La señorita Celia se dejó caer sobre una silla y rió hasta que los ojos se le llenaron de lágrimas. Thorny parecía atontado y Ben, con los brazos cruzados y con la nariz levantada, miraba a su acusador con gesto de sereno desafío mientras el gatito se sentaba a lavarse la carita como si deseara continuar el interrumpido aseo matinal.
-Todo esto está muy bien, pero las cosas no quedan por ello definitivamente aclaradas para que te eches a reír tan tranquila, Celia... -empezó a decir Thorny recobrándose y resuelto a investigar y aclarar el asunto desde el principio.
-No hay nada de particular y yo habría aclarado todo sin necesidad de este interrogatorio. La señorita Celia dijo que quería un gato; por eso fui a buscar el que me regalaron cuando estuve en la casa del señor alcalde. Salí esta mañana temprano y me lo traje sin pedirlo, pues era mío -explicó Ben muy disgustado de que hubiesen desbaratado la sorpresa que pensaba darles.
-Eres muy amable, Ben, y el gatito me gusta mucho. Lo encerraremos en mi dormitorio para que cace los ratones que lo están invadiendo -dije la señorita Celia alzando el gatito al mismo tiempo que pensaba cómo haría para que los dos muchachos se reconciliaran y bajaran en paz a desayunarse.

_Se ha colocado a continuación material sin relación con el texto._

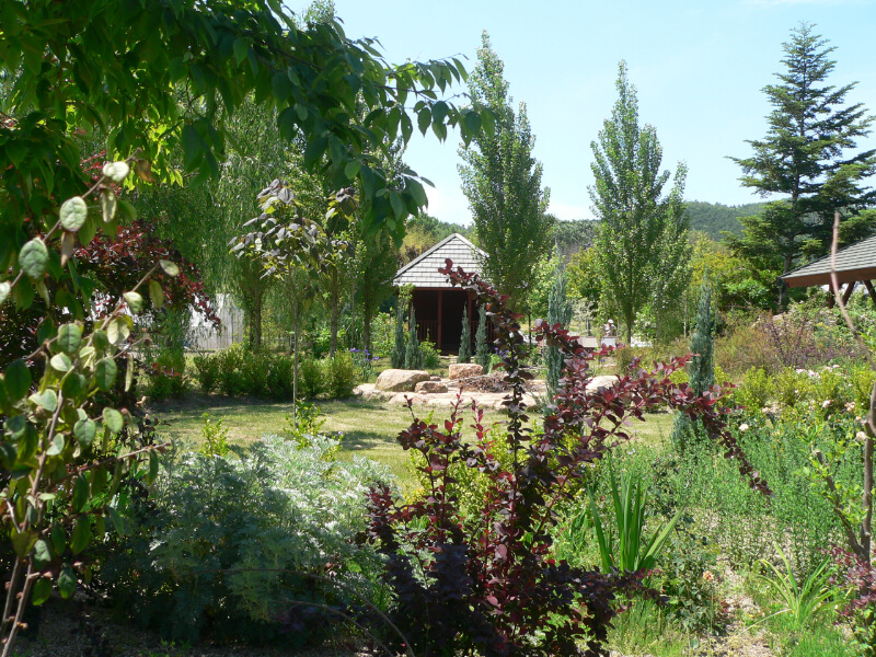 ショップホルティのまわりには 4種類の英国式庭園が現れます。コッテージガーデン、シュラブガーデン、宿根草メインのフローラルポイント、そしてそれらをウッドランドガーデンがチェーンのように繋ぎます。
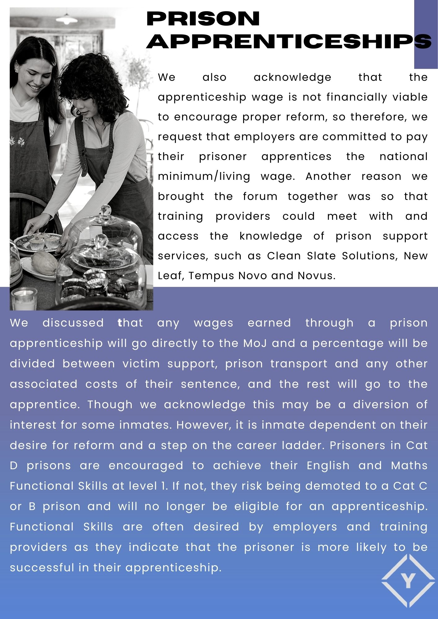 aspects of completing an apprenticeship. The current apprentice is employed at WYLP and the recently
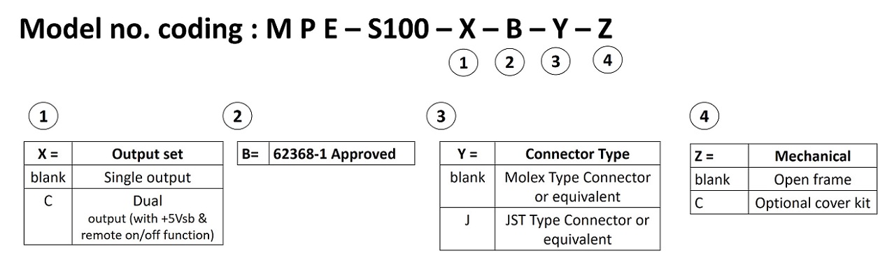 | MPE-S105(-SB)-B | 100 W / 115 W | +24 V(5Vsb) | 4.17 A | SPEC |
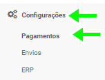 Passo 2 - Em seguida clique no menu lateral esquerdo Configurações ➡️ Pagamentos
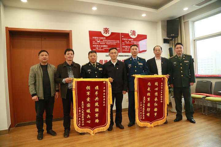 4月1日下午,嘉興軍分區領導:市委常委、軍分區政委于昕,司令員朱榮輝將錦旗和感謝信送到嘉興市工商聯,向工商聯及相關愛心企業對征兵工作給予的大力支持表示衷心感謝,雙方以召開座談會的方式暢敘軍企情誼。 嘉興市委常委、統戰部部長張仁貴出席座談會,希望雙方在雙擁模范城建設、黨建高地打造等方面繼續加強共建。嘉興市委統戰部副部長、工商聯黨委書記張建生主持座談。

-Tú conoces el camino de su dormitorio, ¿verdad? Y no necesitas llave para entrar -agregó Thorny con acento tan sarcástico que Ben comprendió que sus palabras tenían una segunda intención y se consideró terriblemente ofendido.
-No me pidas nunca que trepe en busca de las pelotas que pierdes ni esperes que mi gato cace tus lauchas.
-Lo que necesito es alguien que cace ladrones, y de eso no se ocupan los gatos. Yo ando detrás de uno...
-¿Qué quieres decir? -preguntó Ben furioso.
-A Celia le han sacado dinero del cajón de su cómoda y como tú no quieres dejarme ver qué guardas dentro de tu armario yo, lógicamente, puedo sospechar que tú lo has tomado -gritó Thorny, sin consideración alguna hacia su amigo, completamente trastornado e imposibilitado por su mismo enojo para encontrar palabras más suaves.